# Chess Board - Huon Pine and Queen Ebony



## darsev (Feb 3, 2012)

It's been so long I might have to re-introduce myself! Business has taken a lot of time, but I have managed to get 2 projects actually finished this week. This one is a chess board for our grandson. It's made from a slab of Huon Pine, with the black squares as Queen Ebony inlay.

Didn't get many photos of the actual construction phase as I was just grabbing time here and there when I needed a break from business. The first is at the latter stages of sanding, and gives an idea of what the raw slab looks like. In the next, I was filling the gaps in the inlay, and gluing in a piece that had splintered off. If you know where to look, you can see it in the other photos, but now it just looks like a "feature" in the grain.

Third photo is after about 5 coats of CFP. I found that the drying time for Huon Pine is a lot longer than other timbers I have used. Must be something to do with all the oil in it. The rest of the photos are the finished product - 11 coats of CFP in the end. The third last shot shows the growth rings. For those unfamiliar with Huon Pine, it has very fine growth rings and is very slow growing, and is now heavily protected. Our granddaughter counted up to 159 rings about 1/3 of the length, so we guess this particular slab is about 4-500 years old. 
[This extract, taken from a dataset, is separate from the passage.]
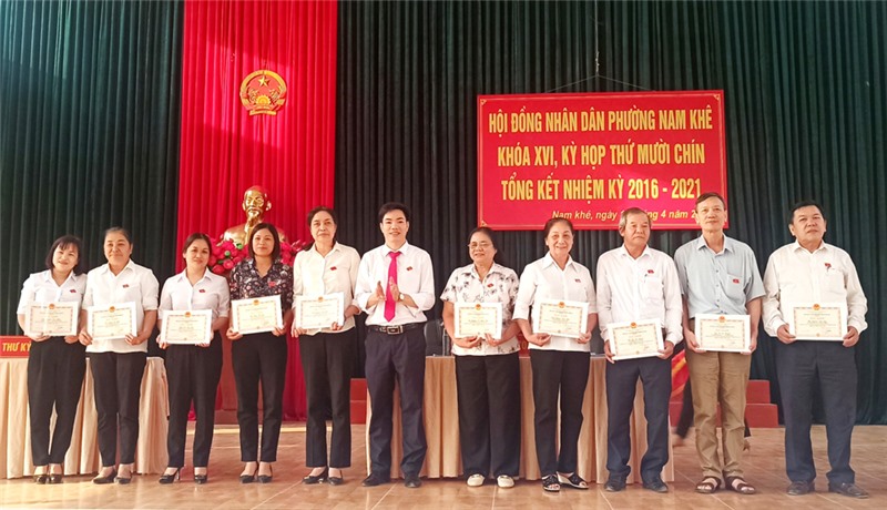 Nhân dịp này, UBND phường Nam Khê đã khen thưởng cho 2 tập thể, 10 cá nhân có thành tích xuất sắc trong hoạt động của HĐND phường nhiệm kỳ 2016-2021.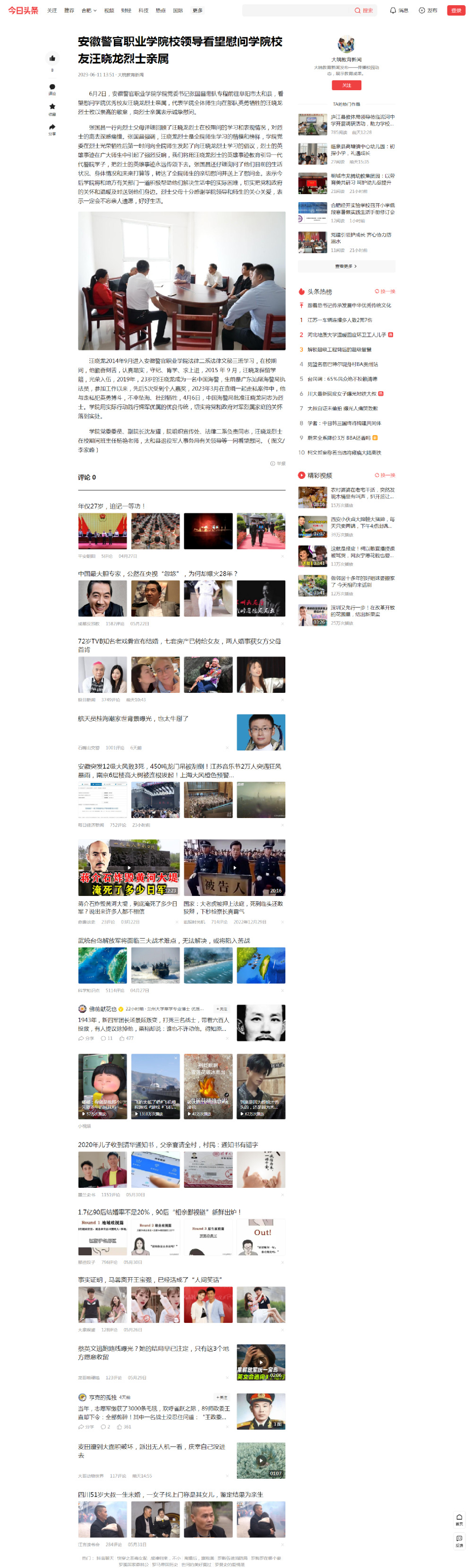 【大皖教育】香港资料公开免费大全校领导看望慰问学院校友汪晓龙烈士亲属

Needless to say, our grandson is very happy to have this. Unfortunately, the day we went to deliver this to him it wasn't a very good week from his parent's point of view, so he has to wait a little longer to actually keep it. Once he gets it though, I think it will last him a life time, even with his brothers around....


----------



## fdcox (Dec 3, 2007)

That is amazing and surely a piece he will be passing on to his children, I would have loved to have seen a tutorial on the inlay of the squares and finishing.
Did you use a template of some type to do them?

Floyd


----------



## darsev (Feb 3, 2012)

Floyd,

I didn't use a template, but I might consider that for the next time I do something with a lot of pieces the same. The process I have developed with inlays goes like this:

1. cut out the inlay and get it right.
2. put the inlay on the job where it is supposed to go, and trace lightly around it with a sharp pencil. Too much pressure will move it. Trace multiple times if needed to get the line dark enough.
3. run around the pencil line with a sharp knife until there is a groove about 0.5mm deep - deep enough to be distinct but not much more.
4. set the depth of the router bit to match the thickness of the inlay piece.
5. rout out the inlay excavation starting at the centre. You can go to within about 2mm of the knife line without having to be too careful.
6. when close the the knife line, rout it out in smaller and smaller increments. When you see the timber feathering you have hit the knife line. Stay on that line or back off.
7. Use a chisel or knife where needed to square up corners.
8. Do a test fit of the inlay piece, and rout out any extra that may be needed. Be careful how you fit it in, or you may not be able to get it back out.

It sounds a lot more difficult than it really is. The key points are to make sure the inlay piece doesn't move when tracing around it, and running a knife around the outline so that you get feathering when you get close. I tend to rout slightly shallower than the depth of the inlay, and then sand it all off later.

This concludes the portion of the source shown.